For people to understand what is happening in the family courts it is not actually necessary for the newspapers to print the names and photographs of the individuals. We do, however, need to see the judgments and also the reports that substantiate the judgments.
The second new clause makes this part of the system.
There are many other things that should happen to make the system work properly. Far too frequently Solicitors refuse to give copies of their files to the clients. This is totally unacceptable and merely acts to shore up bad practise by preventing appeals.
I also agree with Justice Ryder that we need to get cases out of the Family Courts. I prefer the Family Rights Groups approach with a beefed up Family Conference as an independent variation on the Child Protection Conference for Public Law. This could be followed by a Childrens Panel. However, these cases should be kept out of the Magistrates Courts and County Courts if at all possible.
As far as private law is concerned similar proposals have merit. What the system needs to do is to bring ex partners together so that they work together to do what is best for their children. What it frequently does, however, is exacerbate the dispute between parents with the children as footballs kicked around by the lawyers.
Again here the proposals to bring in more scrutiny will help. However, we do need to look at a Family Conference without lawyers as a first step before going to court.
The evidence is quite clear as to the damage done to children that go through the Care system. It is also quite clear that a material part of that damage is done by the care system itself.
The government has not done enough research as to the effects of forced adoption on the children. I am told by practitioners that a number of children forcibly adopted end up back in the care system. I have worked with a number of parents who have be struggling to get their children back from the care system where the children want to return, but the system resists this.
This is massively damaging to the children. The lack of scrutiny of the decisionmaking process which is driven by the secrecy of the judicial process results in appalling outcomes for children.
It is important to remember that research done by Southampton University found that 70% of children on leaving care at 16 returned if only for a short period of time to their parents. Many of the children running away from care are trying to get back to their parents.

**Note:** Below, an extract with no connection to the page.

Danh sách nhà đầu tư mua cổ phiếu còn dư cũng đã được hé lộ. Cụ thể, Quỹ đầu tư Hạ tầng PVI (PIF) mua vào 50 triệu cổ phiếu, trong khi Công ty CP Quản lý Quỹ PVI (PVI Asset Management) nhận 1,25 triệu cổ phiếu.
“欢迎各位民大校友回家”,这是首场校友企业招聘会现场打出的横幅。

We really should not be surprised if children imprisoned in care to stop them living with their parents end up imprisoned in their later lives.

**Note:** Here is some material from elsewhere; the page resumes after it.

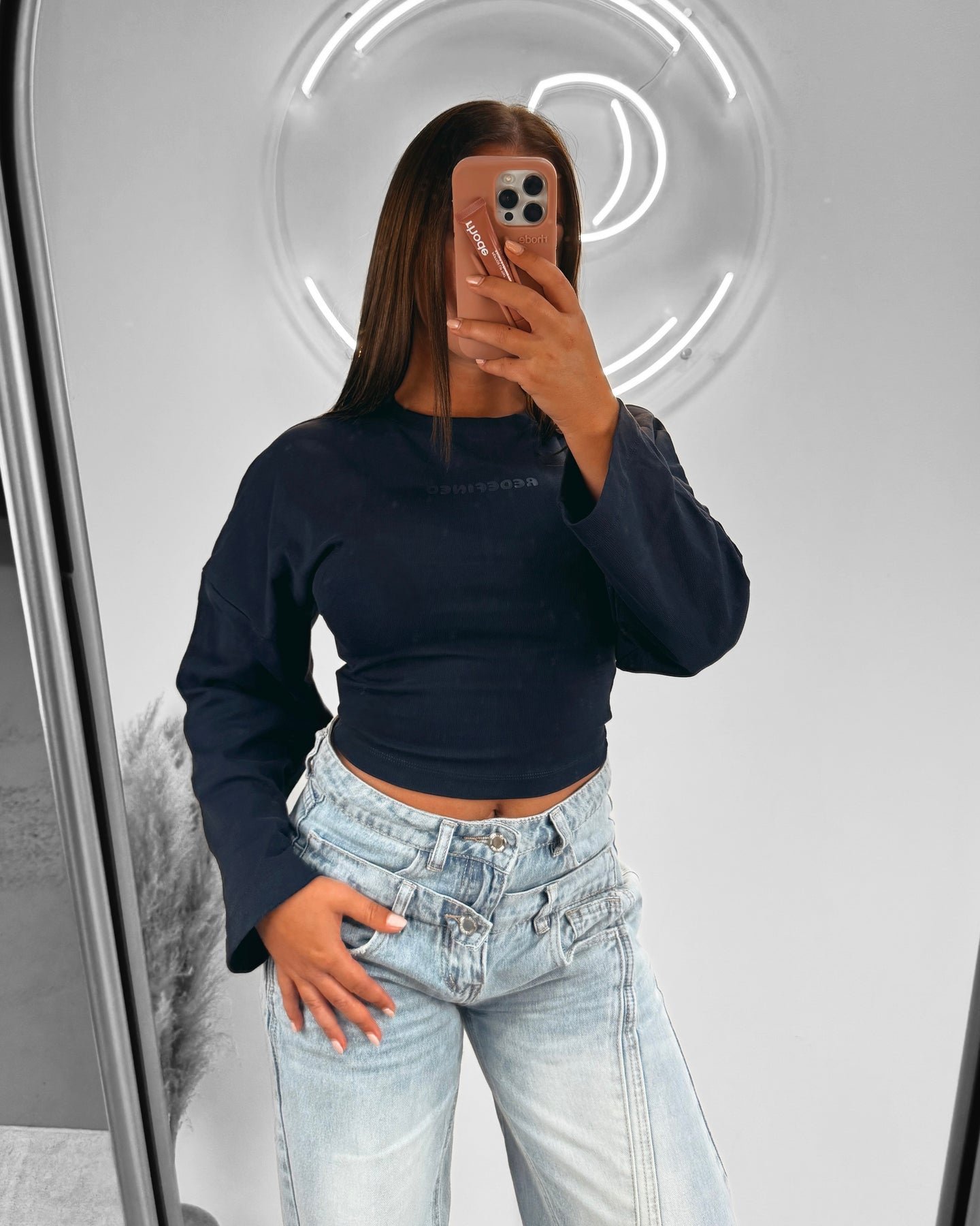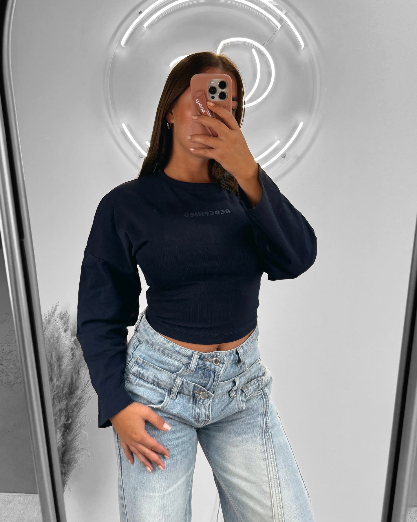 Redefined snatched long sleeve top navy blue

The culture of secrecy has allowed complacency and arrogance to develop in the system and we should not be surprised at the negative outcomes that result.

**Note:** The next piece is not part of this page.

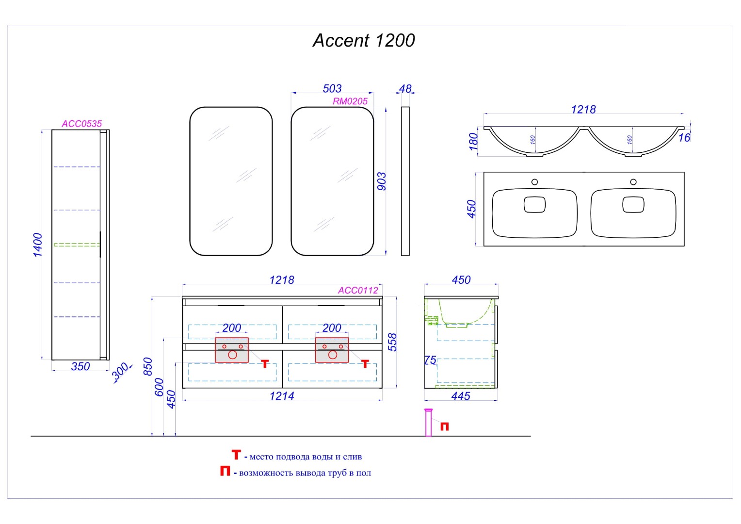 Тумба под двойную раковину Aqwella Accent 120 см белый ACC0112W

It is not just parents and children that suffer from bad practise, but also foster carers.
The measures proposed by The Fostering Network are to extend - where a young person wishes - their foster care placement to the age of 21, to ensure foster carers are treated fairly when facing allegations, and to ensure there is proper guidance to local authorities on when decisions can be delegated to foster carers - and I urge the Minister to support these measures.
However, we need most importantly to stop trampling on families. The system seems biased against families frequently splitting up siblings and moving children away from people that they know.
The two new clauses I will be tabling are not by any means the solution to all of the problems. They do, however, start progress towards a better system one which works with families and communities rather than fighting them.
We know that the current system is not serving children well. That being the case I ask the government to consider making it more responsive to children and families and more accountable to the community as a whole.